Researchers show how genetic modification of mouse strains complicate biomedical research interpretation

Investigators affiliated with VIB and UGent recently achieved great success with a study involving biomedical research on mouse models. The research group of Prof Peter Vandenabeele (VIB/UGent) recently used tangible examples to demonstrate how the side effects of genetic modification of mice can complicate the interpretation of biomedical research. The team developed a web tool that allows scientists to estimate the impact of this phenomenon more accurately. Their findings were recently published in the medical journal Immunity and received ample attention by a preview in Immunity and a comment in The Scientist.

Tom Vanden Berghe (VIB/UGent): "Our research will have a profound retro-active impact on the interpretation of a great deal of scientific research. In addition, it will also aid in explaining controversies in scientific literature surrounding certain disease models. Finally, in the long term, these results can contribute to an improved translation of findings from lab animals to humans."

Tests on mice are an important tool for research into diseases and drugs. By deactivating a specific gene in mouse strains, the investigators can study the effect of this gene on the development of a disease.

Translation from animals to humans
However, mouse models alone are not sufficient to reach irrefutable scientific conclusions. Clinical studies using human cells remain essential to validate the research results. These studies often produce different conclusions. An important reason for this is that the genetic modification of mouse strains not only changes the target gene, but also causes changes in the neighboring genes. Geneticists are familiar with this phenomenon, but it is sometimes overlooked.

Comparative analysis of mouse strains
In order to clarify this problem, the research group of Prof Peter Vandenabeele (VIB/UGent) performed a comparative analysis on the genetic information from various mouse strains.

Peter Vandenabeele (VIB/UGent): "Our bioinformatics analysis revealed that each mouse strain contains approximately one thousand genes that result in an abnormal protein. About a hundred of these could actually be attributed to a functional defect. In the first generation of a genetically modified mouse strain, the so-called recombinant congenic mice, we almost always see various other defective genes close to the inactivated gene. This means that in certain cases, researchers cannot be certain whether the inactivated gene, or the dysfunctional neighboring genes (or a combination of both) is/are responsible for the observed effect."

Online tool to support biomedical research
Post-doctoral researcher Tom Vanden Berghe supported this supposition with several tangible examples.

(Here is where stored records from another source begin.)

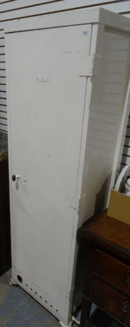 White painted metal food smoking cabinet, 56cm x 187cm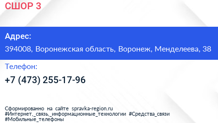 СШОР №3 по адресу 394008, Воронежская область, Воронеж, Менделеева, 38 в дальнейшем Организация, размещена в следующих категориях: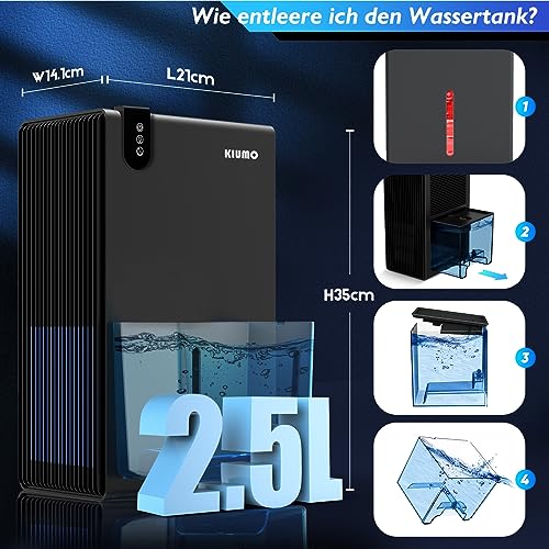 Kiumo Luftentfeuchter, (30m²) 2.5L für RV, Schlafzimmer Badezimmer und Andere Kleine Räume mit Utomatischer Abschaltfunktion, Zwei Betriebsmodi und 7 Farben LED- Licht(Schwarz)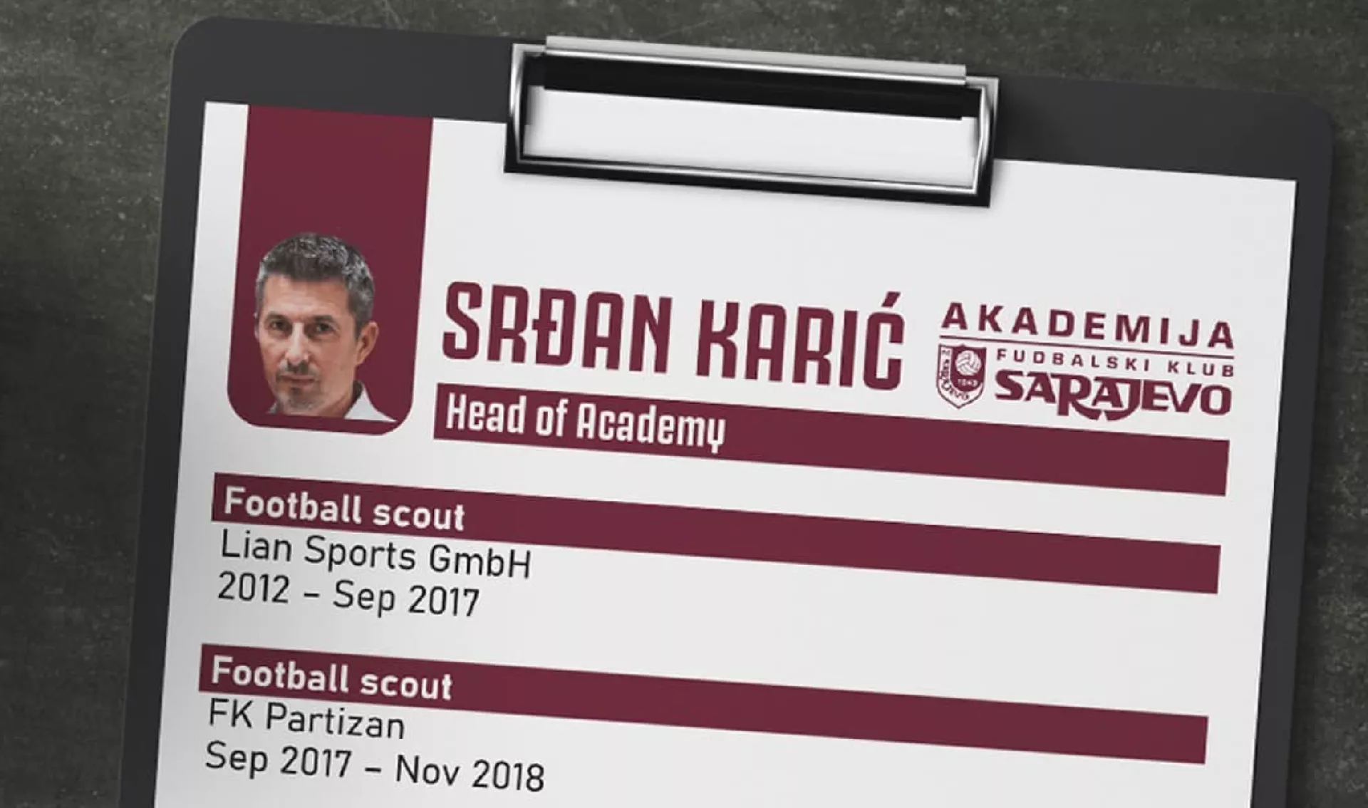 (Patria) - Srđan Karić novi je direktor Akademije Fudbalskog kluba (FK) Sarajevo.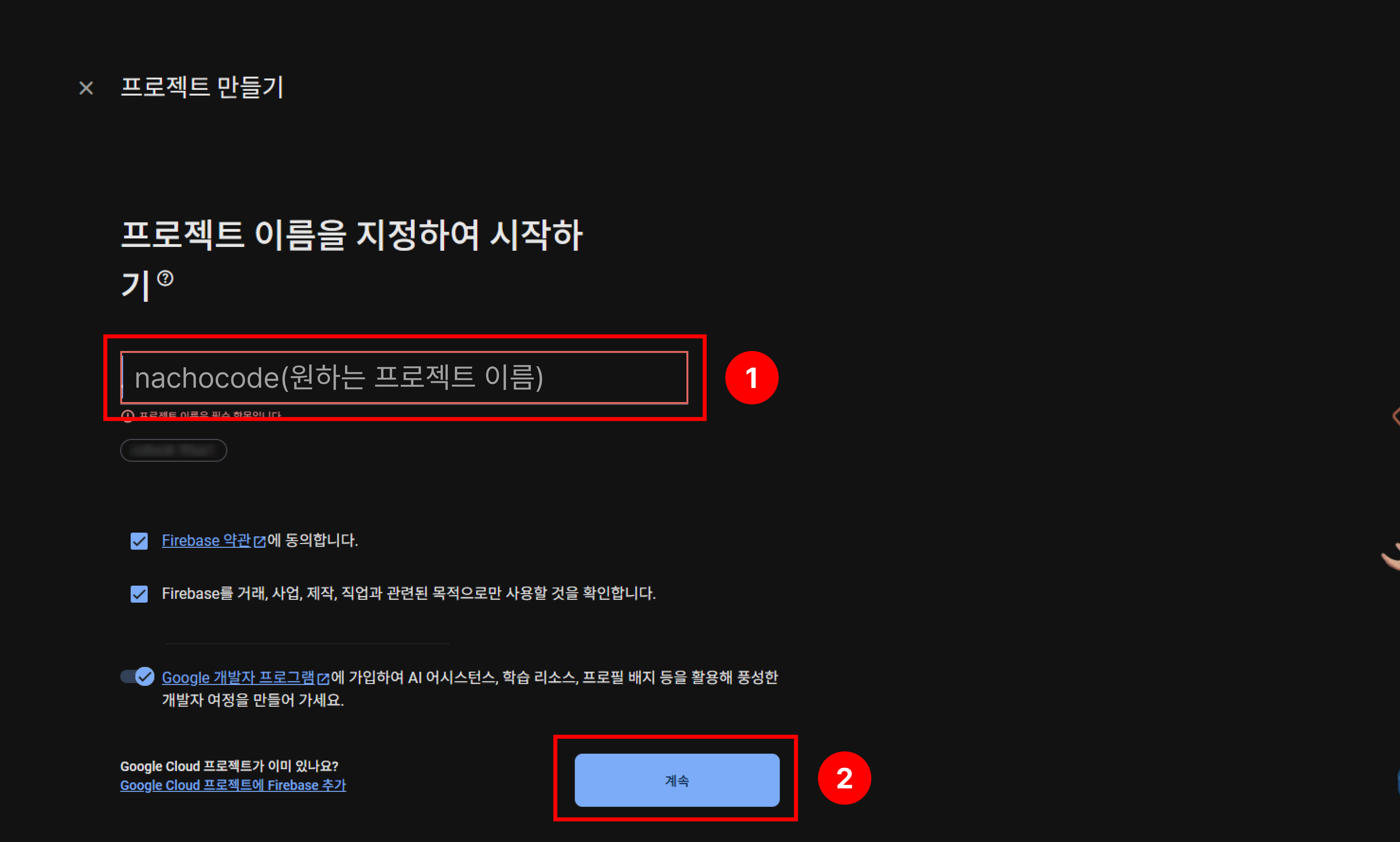 2단계) 프로젝트 이름 항목을 입력한 후 [계속] 버튼을 클릭

In this way, he illustrated how this strongly underestimated problem in fundamental scientific research can result in false positives and premature conclusions.

Tom Vanden Berghe then worked with bio-informaticists Liesbet Martens and Paco Hulpiau to develop a web tool that helps researchers to estimate the impact of this phenomenon correctly. The tool gives researchers insight into the possible abnormalities and the potential effect of these on their research results. Tak Wah Mak, a top-scientist from Ontario Cancer Institute, concludes his preview on Vanden Berghe's article as follows "The wake-up call represented by this Immunity article on the importance of the passenger genome therefore does a great public service to the research community involved in the analysis and generation of gene targeted mice."